The Columbia University student who drew national attention for carrying a mattress around campus to protest her alleged rape will now be taking her mattress to a new venue: the United States Capitol.
Emma Sulkowicz claims that in August 2012 she was raped by a fellow student in her dorm room, and since last fall she has been hauling a mattress around campus as a senior art thesis dubbed “Carry That Weight” while demanding that her alleged rapist be expelled. The campaign drew national attention and imitators across the country.
Now, Sulkowicz has been invited to attend President Obama’s State of the Union address on Tuesday night as the special guest of Sen. Kirsten Gillibrand of New York.
Gillibrand has made combating sexual assault one of her top priorities in Congress, leading a campaign to change how the military handles sexual assaults and teaming up with Sen.
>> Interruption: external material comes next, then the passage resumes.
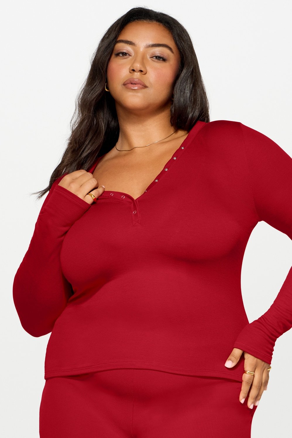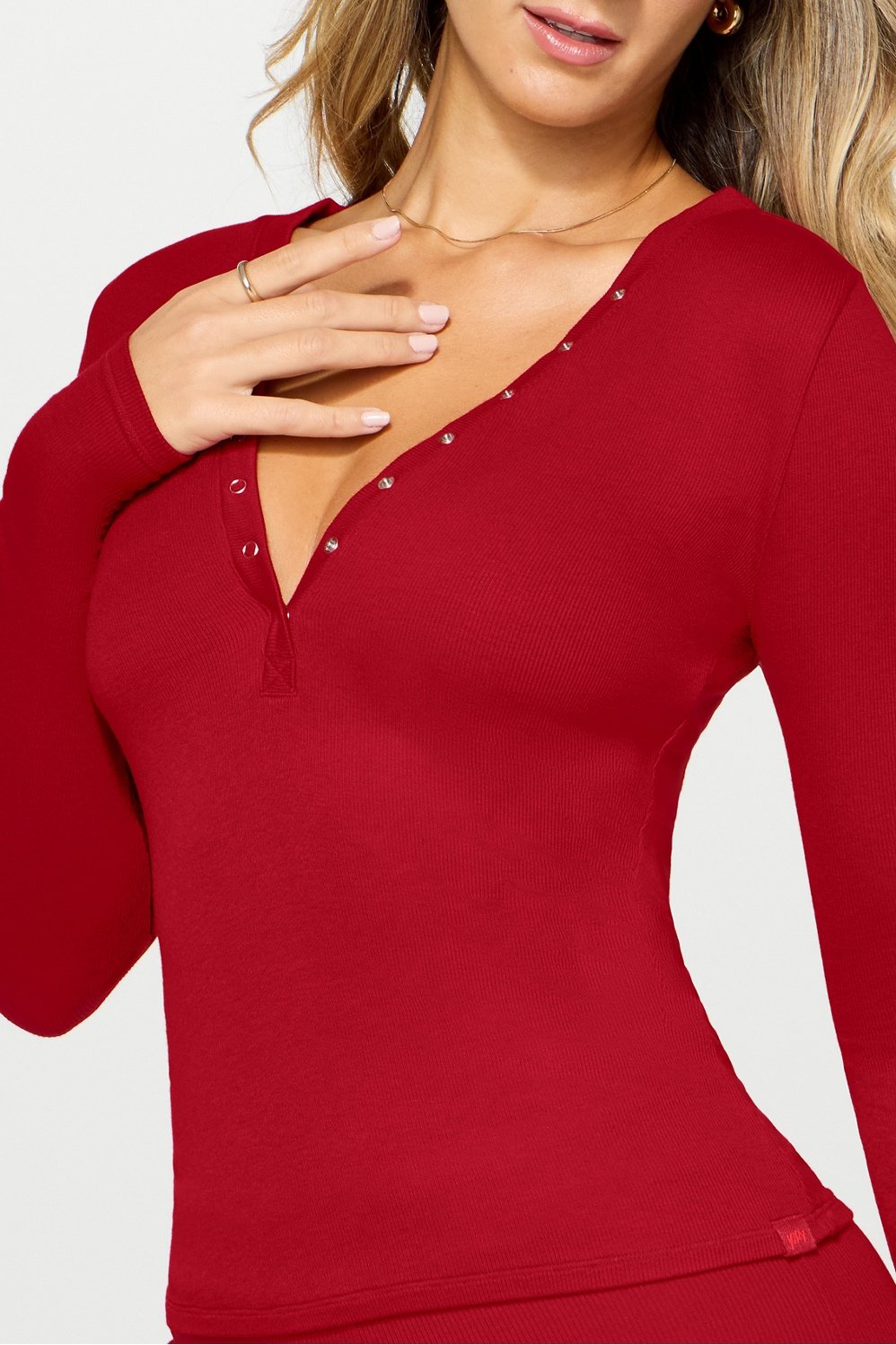 Softness that speaks for itself. This ribbed modal long sleeve henley features a snap-button closure to show a little or a lot?ÛÓyour call. An everyday essential with endless versatility you need in every color.

Claire McCaskill of Missouri to push for reform at colleges as well. While Sulkowicz apparently will not be bringing her famous mattress to the speech, Gillibrand said she hoped Obama might use her attendance as an opportunity to discuss sexual assault.
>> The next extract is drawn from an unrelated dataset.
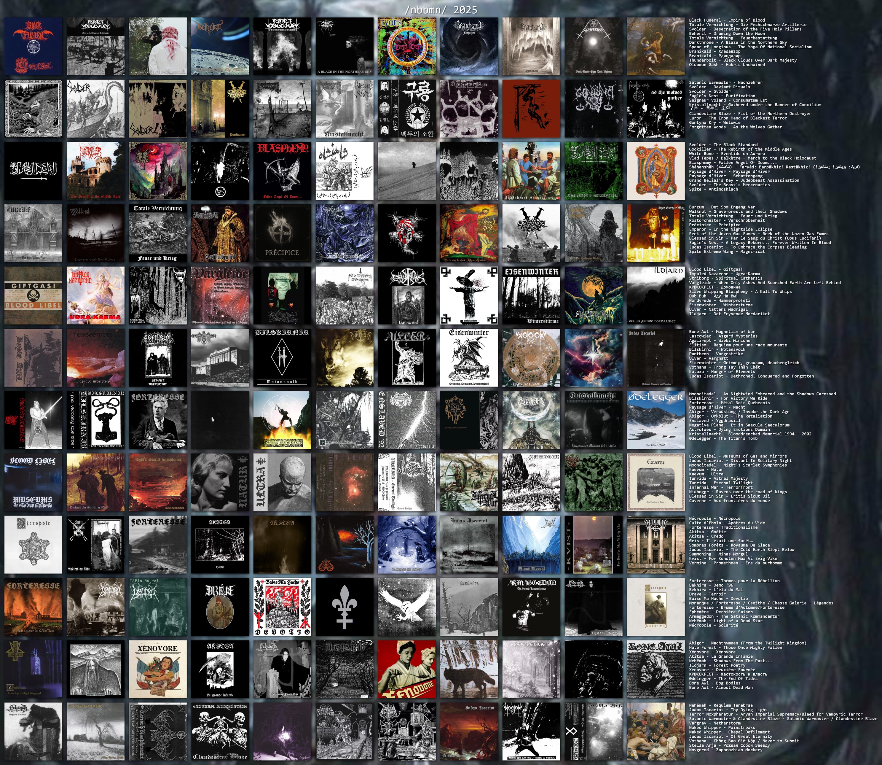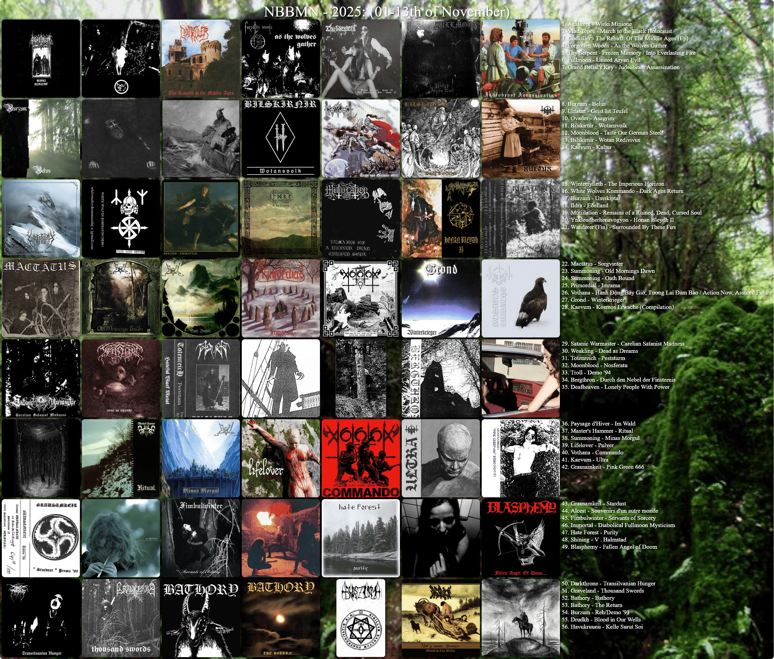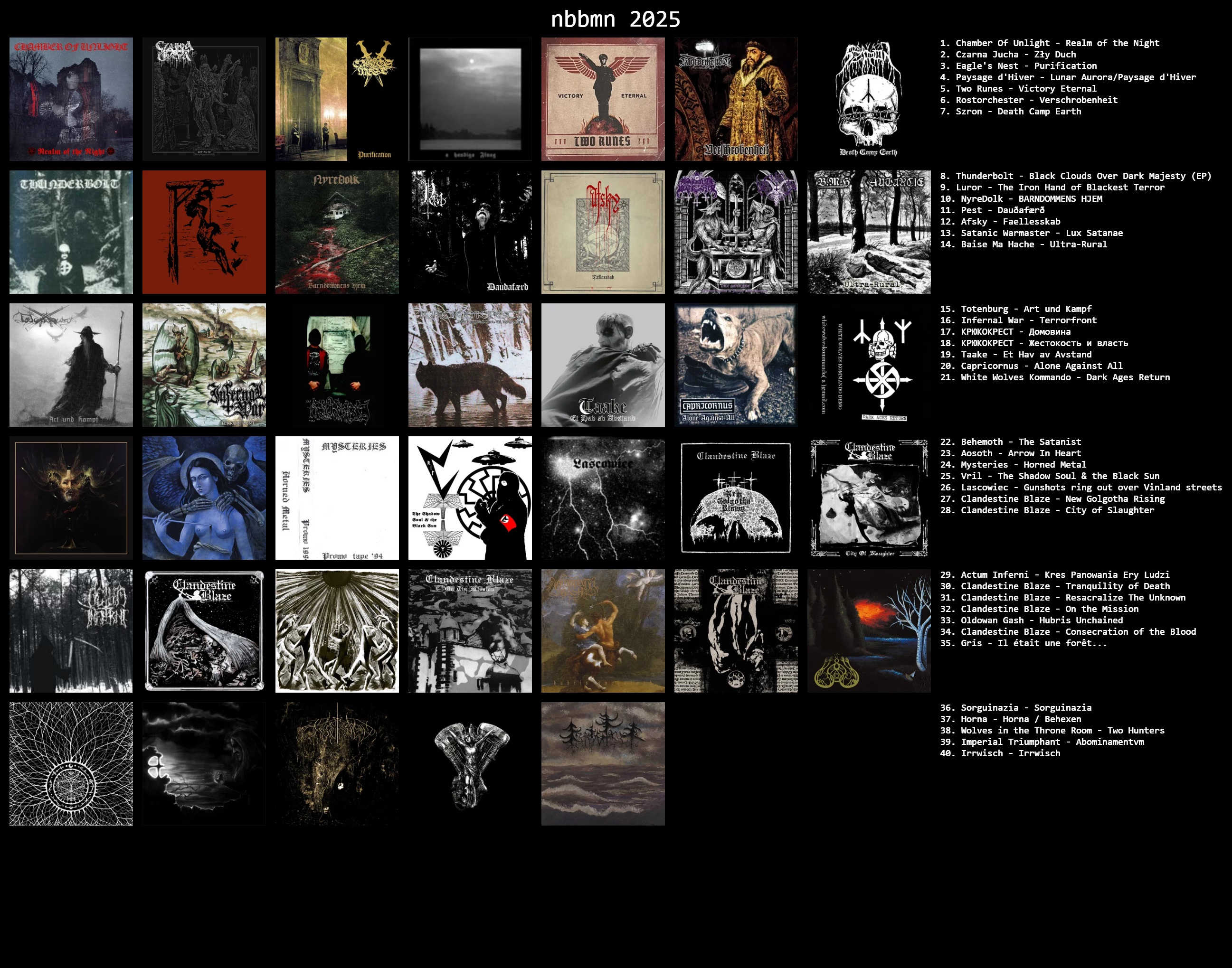I agree and that’s a good thing. Either you have slow comfy threads or constant derailing/ political discussions/ varg posting etc. there is no healthy inbetween. If this years threads would have double the amount of chart posters there would be also double (or more) amount of derailers that take personal offense in people discussing black metal. If you genuinely think the threads are too slow, contribute.

“I hope the President will seize this opportunity to shine a national spotlight on the need to flip the incentives that currently reward colleges for sweeping sexual assaults under the rug,” she told The New York Daily News.
Gillibrand and Sulkowicz have interacted in the past. Sulkowicz first spoke publicly about her alleged assault in April 2014 at a press conference held by Gillibrand.
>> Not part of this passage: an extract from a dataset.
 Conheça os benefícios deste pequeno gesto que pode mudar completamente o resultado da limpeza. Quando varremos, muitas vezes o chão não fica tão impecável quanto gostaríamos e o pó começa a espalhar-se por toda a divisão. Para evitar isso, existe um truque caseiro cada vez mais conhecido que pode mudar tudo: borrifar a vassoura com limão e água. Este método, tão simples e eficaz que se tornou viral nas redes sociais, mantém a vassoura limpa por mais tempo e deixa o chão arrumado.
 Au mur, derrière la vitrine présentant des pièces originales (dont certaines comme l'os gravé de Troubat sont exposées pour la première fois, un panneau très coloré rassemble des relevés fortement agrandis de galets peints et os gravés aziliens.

Whether Sulkowicz was actually raped, however, remains up for debate. She herself admits to prior sexual encounters with the student she accused, Paul Nungesser, and even says her alleged rape began consensually and only turned into sexual assault when Nungesser became violent with her.
Sulkowicz also only filed a complaint in April 2013, eight months after the actual event. A Columbia campus tribunal found Nungesser “not responsible,” and when she finally filed a police report in May 2014, they declined to pursue the matter.
In the absence of any formal punishment, Nungesser has been targeted in other ways, with his name published in Columbia’s student newspaper and included on a “rapist list” plastered in bathrooms around campus. Nungesser maintains that all his encounters with Sulkowicz were consensual, and he told The New York Times that the experience has cost him most of his friends.
In the wake of an alleged gang rape at UVA that aroused national anger only to be exposed as a hoax, Gillibrand’s gesture may invite criticism that she is perpetuating a witch hunt herself. Gillibrand’s office did not immediately reply to a request for comment.